● **TASK**: Images are not part of the copy; transcribe all the data exactly.

● **SOURCE MATERIAL**:

+++++

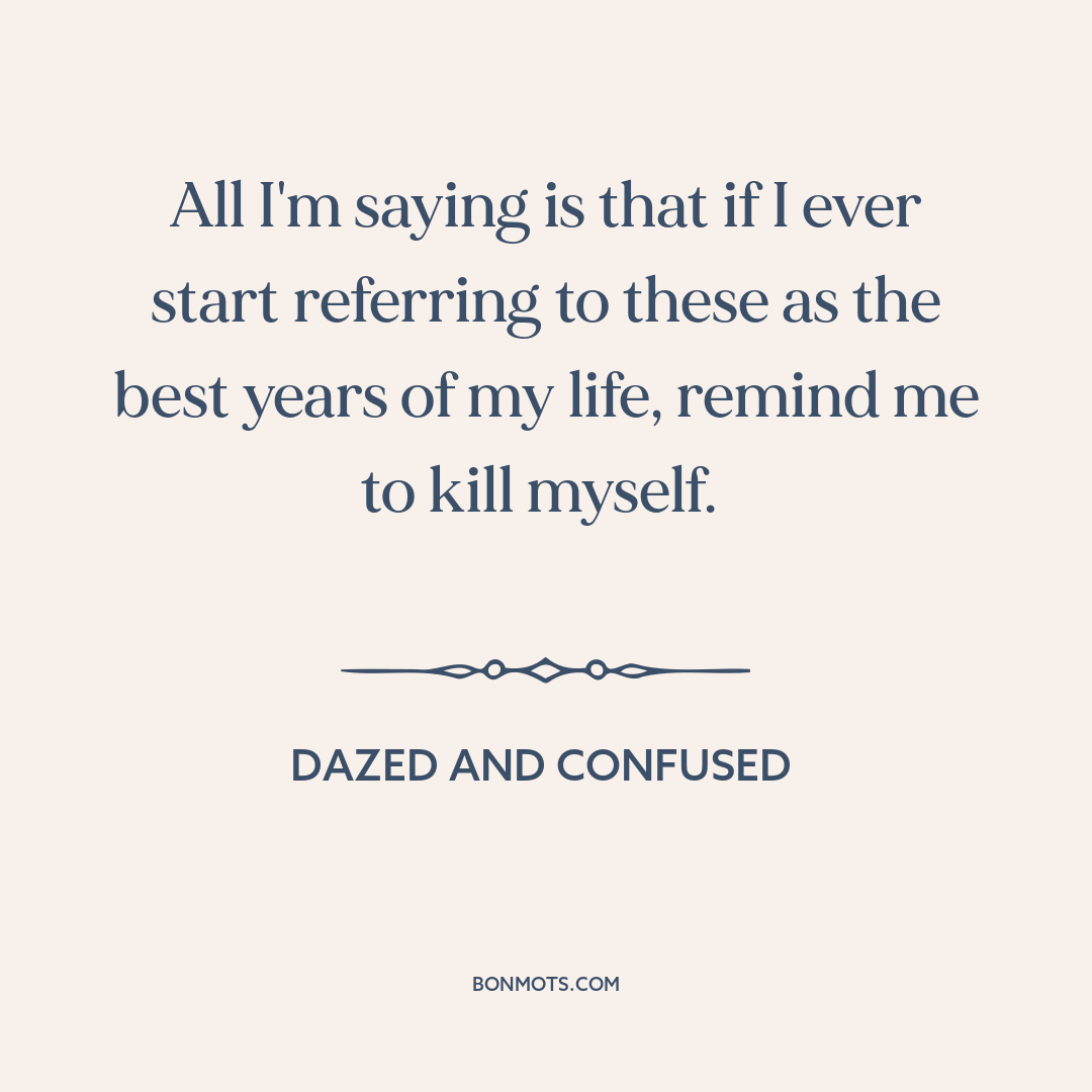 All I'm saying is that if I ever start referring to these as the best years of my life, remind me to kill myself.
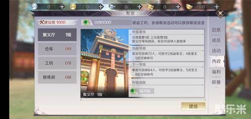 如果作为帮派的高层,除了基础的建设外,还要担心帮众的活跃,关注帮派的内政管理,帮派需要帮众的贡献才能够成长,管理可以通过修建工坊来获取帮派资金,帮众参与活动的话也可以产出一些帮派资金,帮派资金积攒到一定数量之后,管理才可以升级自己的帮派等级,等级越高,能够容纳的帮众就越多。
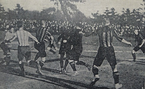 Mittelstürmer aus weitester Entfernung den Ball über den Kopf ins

+++++

● **EXPECTED ANSWER**:
 All I'm saying is that if I ever start referring to these as the best years of my life, remind me to kill myself.
 如果作为帮派的高层,除了基础的建设外,还要担心帮众的活跃,关注帮派的内政管理,帮派需要帮众的贡献才能够成长,管理可以通过修建工坊来获取帮派资金,帮众参与活动的话也可以产出一些帮派资金,帮派资金积攒到一定数量之后,管理才可以升级自己的帮派等级,等级越高,能够容纳的帮众就越多。
 Mittelstürmer aus weitester Entfernung den Ball über den Kopf ins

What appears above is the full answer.